MC Kiselyov took the stage and dropped the mic once again.
Dmitry Kiselyov, a state television pundit famous for espousing anti-Western views during prime time, took on the role of a rapper during a New Year's comedy show.
Though he fully got into character — sporting a tracksuit, sneakers, a baseball cap and dance moves that included dabbing — Kiselyov’s rhymes stayed true to his politics.
“Europe with its lectures, [Russia] denounced by foreigners,” Kiselyov rapped on a state-run Rossiya-1 show that aired on Thursday. “But coolly and refusing to be provoked, we put our gas pipelines on your sanctions.”
A few bars later, the journalist commonly referred to as the Kremlin’s top propagandist, accused countries of “cutting ties with Russia, but it’s just grandstanding,”
“They may burn them all they want, we’ll keep building bridges,” Kiselyov rapped as computer graphics displayed him standing on the rail and car bridge that Russia built last year connecting the mainland to the annexed Crimean peninsula.
Kiselyov’s performance came a month after popular backlash to cancellations of hip-hop shows across Russia over allegations of extremism.
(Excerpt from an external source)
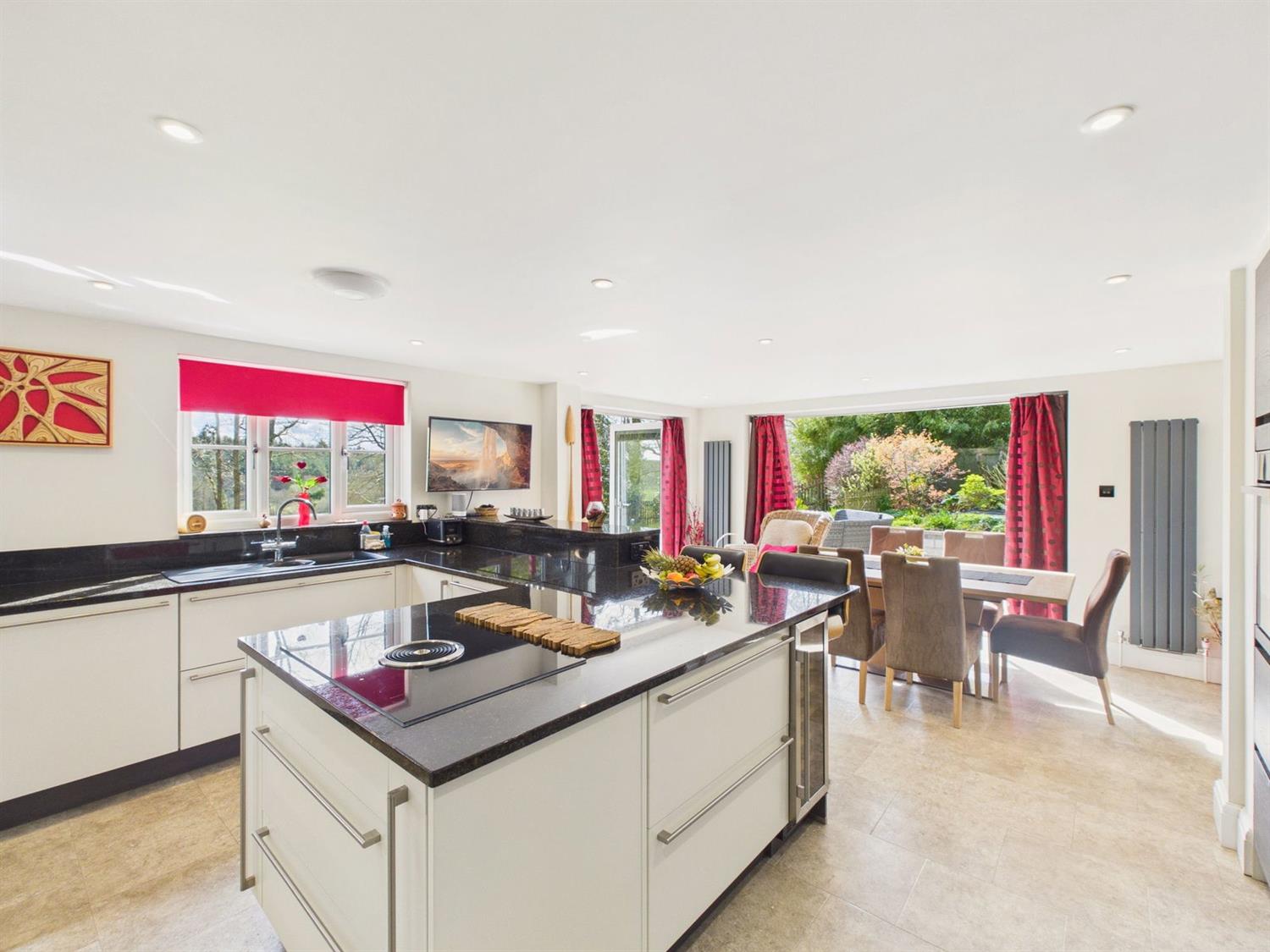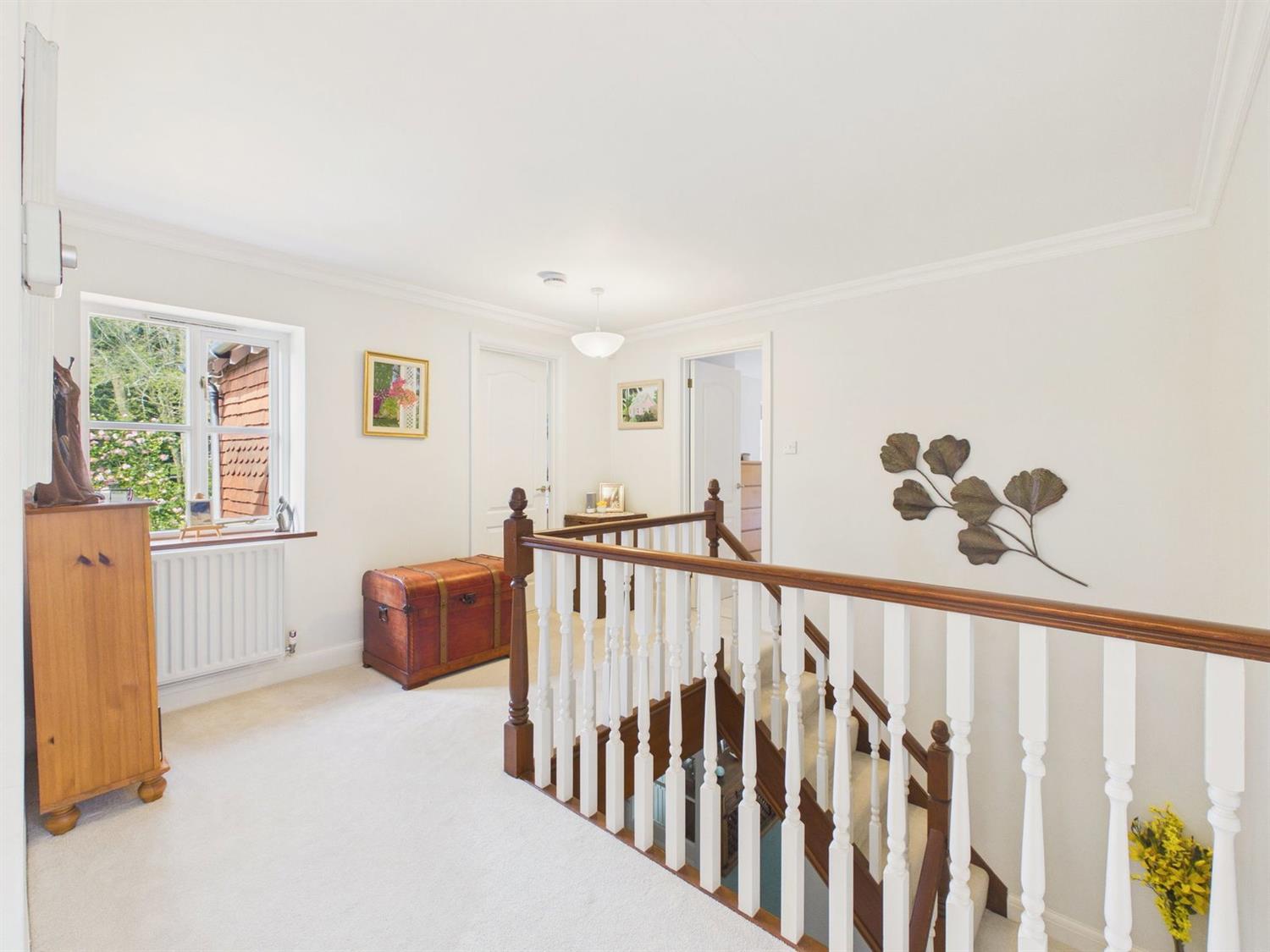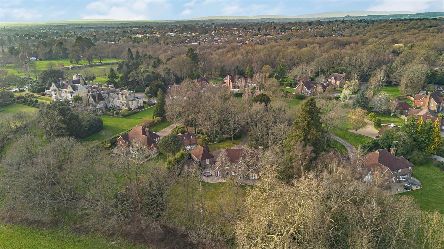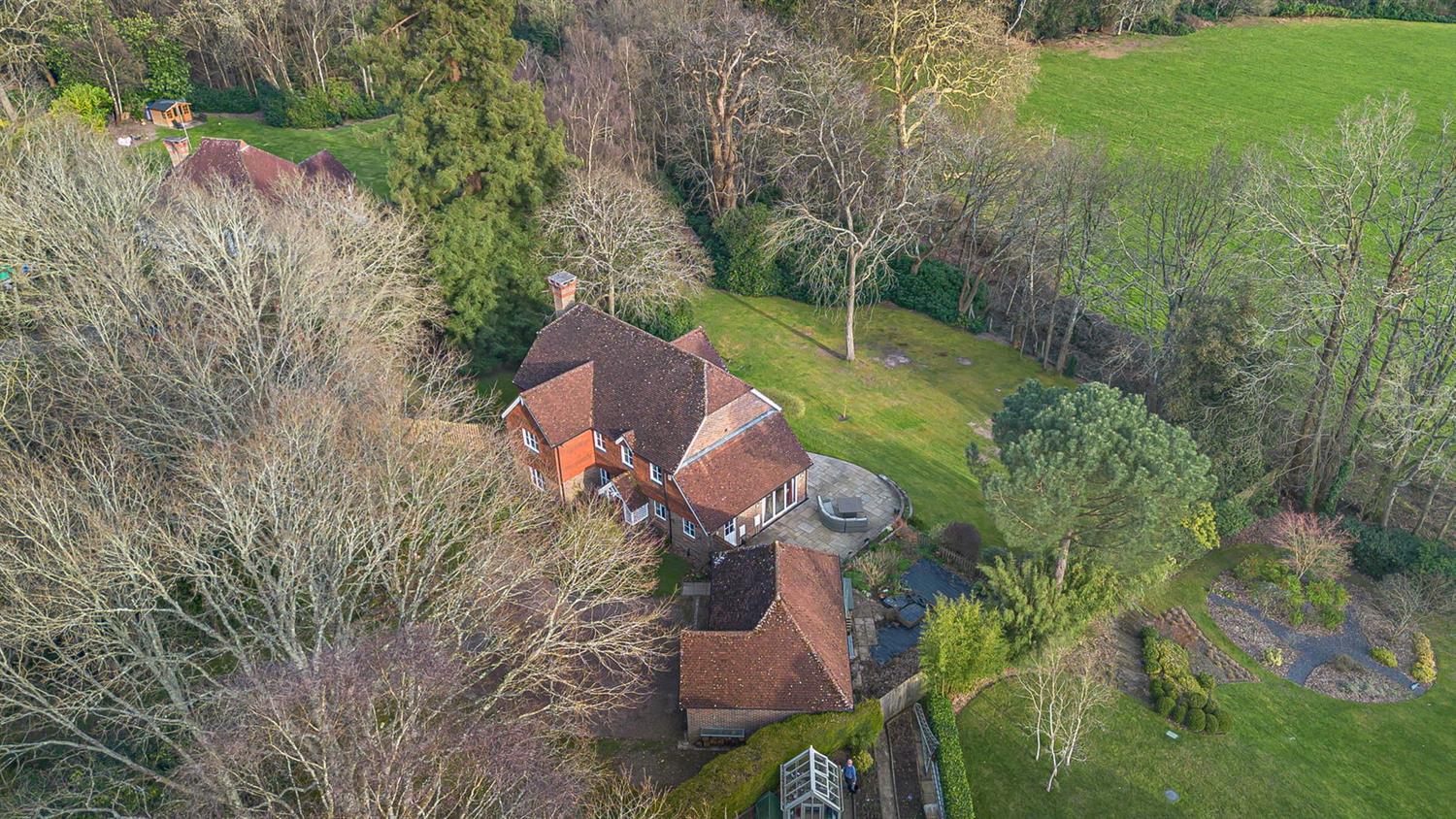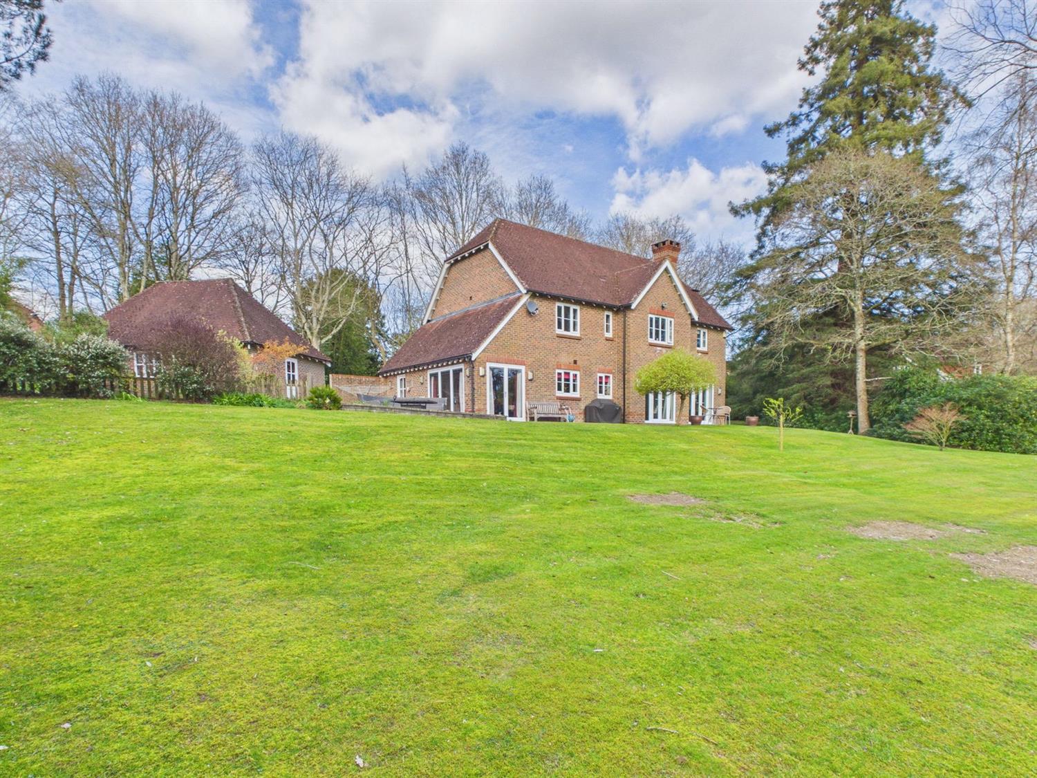 A beautifully refurbished five bedroom, five bathroom country home, occupying an exceptional plot of approximately one acre, set within the exclusive Copperfields development on the former Coolhurst Estate, to the south east of Horsham and bordering the southern edge of St. Leonard’s Forest. Built in 1996 by esteemed housebuilder Hill Reed Homes to an exacting standard, Copperfields comprises just ten individual homes, each sitting within generous grounds of around an acre. Only two properties of this particular design were constructed, "Sleepy Hollow" having one of the largest plots, and with just three resales having taken place since the development was built, this represents a genuine once-in-a-decade opportunity. The house comes to the market for the first time since it was built and has been subject to a comprehensive schedule of works in recent years, creating a superbly appointed modern home that is ready to be enjoyed by its next owner. Positioned at the very end of this private development, the house enjoys a particularly peaceful setting and benefits from elevated and unspoilt southerly views across parkland, vineyard and a lake of the River Arun beyond. The ground floor accommodation comprises a welcoming entrance hall, a triple aspect sitting room with inglenook fireplace and French doors to the rear garden, a separate family room, a study overlooking the tree-lined frontage, a fabulously appointed kitchen which is open to a dining area with two sets of bifolding doors making it possible to open this space to the garden seamlessly. There is a separate utility room and a stylish downstairs shower room which complete the ground floor. On the first floor there is a bright galleried landing, a principal bedroom suite enjoying the far-reaching southerly views, with a walk-in dressing room and luxury ensuite shower room. There are two further guest bedrooms, each with ensuites. Two additional double bedrooms are served by a recently refitted family bathroom, and make up the first floor. Outside, the grounds are a standout feature of the property. The tree-lined driveway meanders through mature redwoods, rhododendrons and camellias, and opens to a private driveway which provides off-road parking for numerous vehicles and access to the detached triple garage. The gardens wrap around the house to give space at every border and enjoys an unspoilt, sunny southerly aspect to the rear, with a generous patio ideal for entertaining, areas laid to lawn, a timber summer house with decked seating, well-established rhododendrons, specimen trees, and a vegetable garden positioned just a few short steps from the kitchen. Despite its idyllic rural setting, the property is conveniently located just 1.5 miles from Horsham town centre, offering a rare combination of rural surroundings with excellent accessibility. Viewings are highly recommended to fully appreciate the quality of this exquisite Sussex home.

Kiselyov reprised his performance from one of his weekly news shows in December, when he unexpectedly spoke out in favor of Russian rappers and recited a verse authored by the Soviet poet Vladimir Mayakovsky.
President Vladimir Putin later weighed in on the show cancellations himself, arguing that the Kremlin should play a leading role in Russian rap music and youth culture instead of trying to shut it down.